Just to give some sense of scale – and the scale was what was really impressive – the iguanodon was thirty five long and used six hundred bricks, weighing something like thirty tonnes. Nor was the iguanodon alone. A whole number of dinosaurs were being recreated by Hawkins under Richard Owen’s watchful supervision.
New Year’s Eve 1853/1854 Hawkins arranged a party with some of the great scientific names of his day. The invitation was written on a pterodactyl wing (!) within a more conventional Victorian invitation and sent out instructing the invitees to RSVP and to arrive at 5.00 PM on the 31 January.
On the day in question the guests – including Hawkins, Owen, Edward Forbes, the great John Gould and Joseph Prestwich were sat within the mould of the iguanodon – see image – and treated to the best company and food that mid Victorian London had to offer.
By midnight, by all accounts, and the chiming of the New Year, the assembled guests were seriously ‘merry’. At this point, sozzled on sherry and port they broke out with this little tune: ‘The jolly old beast// Is not deceased//There’s life in him again!’

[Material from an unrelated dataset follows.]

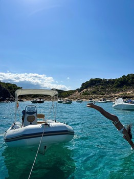 The Zodiac Medline 500 “Curri” is a practical and easy-to-handle boat—ideal for anyone looking to hire a boat in Menorca with the required licence and enjoy total freedom at sea.
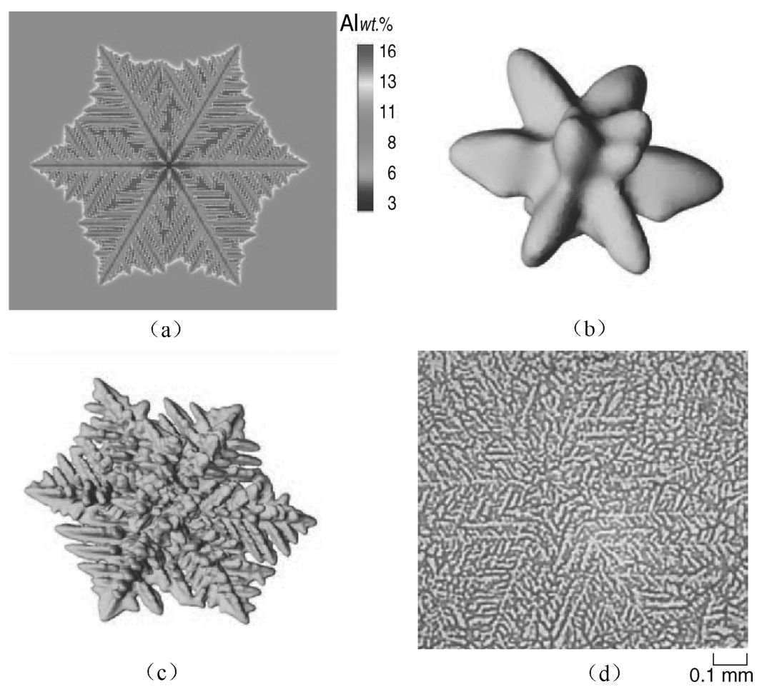 Fig. 2 (a,b,c) Simulated and (d) experimental results of Mg alloy dendrites. (a) simulated 2-D equiaxed dendrite; (b) simulated 3-D equiaxed dendrite at early stage; (c) fully developed 3-D equiaxed dendrite; (d) metallographic results showing texture of Mg alloy dendrites.

Hawkins described how the party, while heading for the railway station afterwards (late tube trains in those times) continued this song and were so loud ‘as almost to lead to the belief that the herd of Iguanodons were bellowing.’
Oh to have been there…
drbeachcombing AT yahoo DOT com for other memorable meals or perhaps even the menu of the iguanodon feast.
16 April 2011: Mind under siege writes in with an important addendum – ‘I believe it is also worth noting that the iguanodon’s original skeleton was indeed put together incorrectly. Pieces were thrown out if they couldn’t figure it out. Likewise, certain bones were jammed into odd places to fit the paradigm of the ‘terrible lizard’. For instance, the horn featured on the recreation’s nose is actually the now recognized ‘trademark’ iguanodon thumb spike. Not to mention we now recognize our prehistoric friend as possessing a more bipedal stance (although a traditional ‘four legged’ posture may have been adopted when the creature was in need of more speed). Keep up the fantastic work Beachcombing, and don’t be afraid of the gore.’ Thanks MuS!!
30 April: Then Andy the Mad Monk is nostalgic: ‘I enjoyed your post about eating in a dinosaur as it brought back memories of my childhood. The dinosaurs still exist at Crystal Palace, in South London. As a child, I visited the boating lake several times, around which they were located’ Thanks as always Andy!